Cyclic AMP (cAMP) functions as an intracellular second messenger to transmit extracellular signals, such as hormones and neurotransmitters, to the intracellular environment. The major target of cAMP is the cAMP-dependent protein kinase (PKA), a tetrameric holoenzyme that consists of two regulatory (R) and two catalytic (C) subunits. After cAMP binds the R subunits, the C subunits dissociate and phosphorylate their substrates [28]. The cAMP/PKA signalling pathway regulates a variety of cellular processes such as cell proliferation, differentiation, actin cytoskeletal rearrangements, and gene transcription (reviewed in [29-31]). In order to optimise the responsiveness to a wide variety of signals, the PKA pathway interacts with other signalling pathways, including the MAPK pathways.

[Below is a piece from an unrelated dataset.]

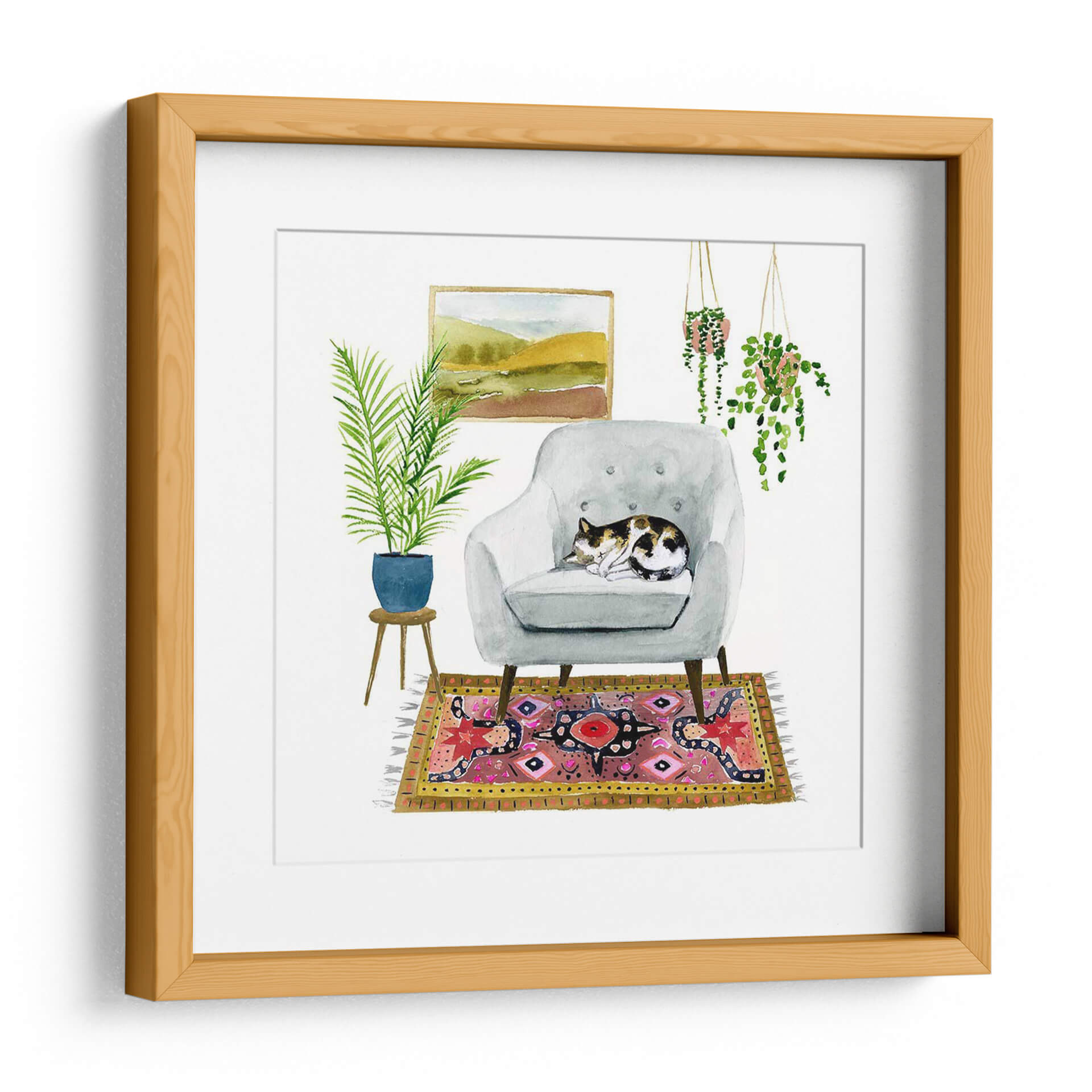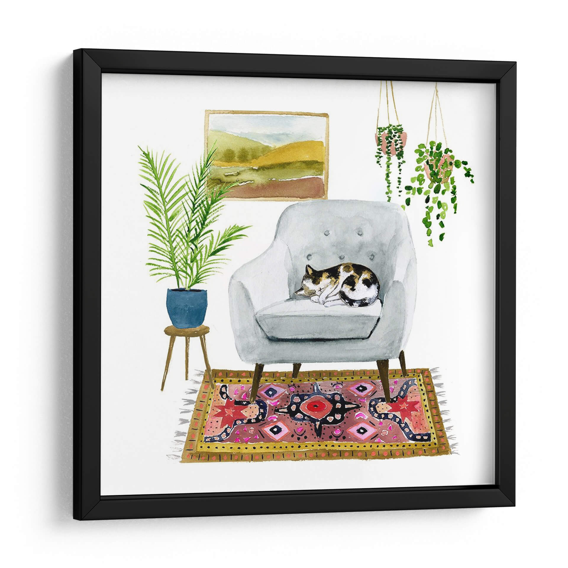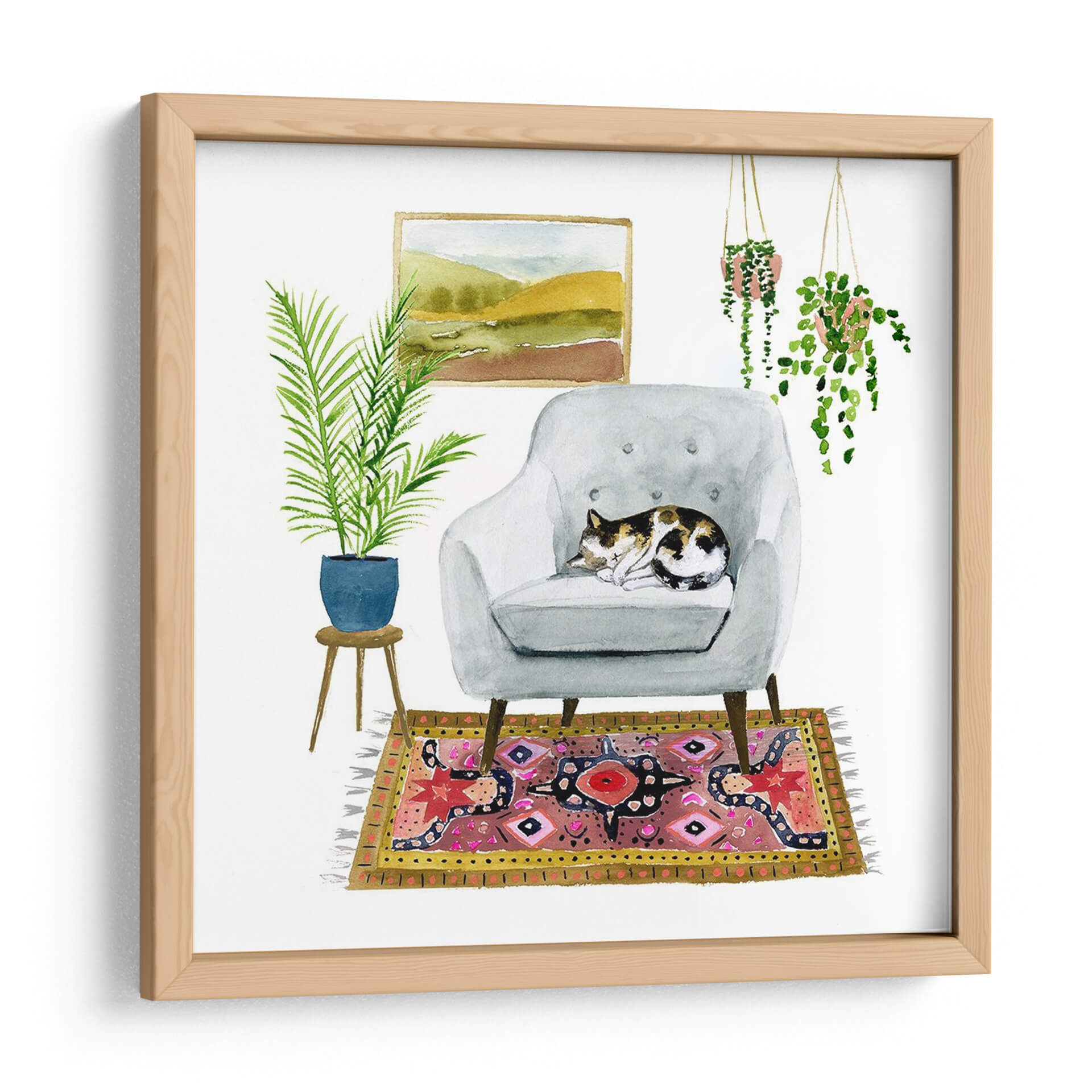 Captura la esencia de la tranquilidad y el confort hogareño con "Iniciobody Ii" de Victoria Borges, una obra de arte que evoca la serenidad de un momento de descanso. Esta pieza, realizada con una delicada técnica de acuarela, presenta un gato atigrado dormitando plácidamente en un sillón gris suave, rodeado de elementos que invitan a la calma. Un cuadro de paisaje sutil con tonos tierra y verdes se asoma en la pared, mientras que dos plantas colgantes añaden un toque de vitalidad natural al ambiente. La alfombra geométrica, con sus vibrantes patrones en tonos rosados y ocres, ancla la composición y aporta un aire bohemio y acogedor. La paleta de colores, dominada por tonos suaves y terrosos, crea una atmósfera de paz y recogimiento, perfecta para espacios donde se busca la relajación. Este cuadro decorativo es ideal para añadir un punto de calidez y personalidad a tu sala de estar, dormitorio o estudio. La habilidad de Borges para capturar la intimidad de la escena y la dulzura del animal lo convierte en una adición encantadora a cualquier hogar, aportando una sensación de bienestar y un refugio visual. Transforma tu pared en un oasis de serenidad con esta hermosa representación de la vida cotidiana.

In fact, PKA has been shown to modulate the activity of several MAPK cascades [32-35]. Recently, the MAPKAP kinase, RSK1, was found to either bind the catalytic C or regulatory R subunit of PKA, depending on the phosphorylation status of RSK1, but the physiological relevance of this interaction is not completely understood [36].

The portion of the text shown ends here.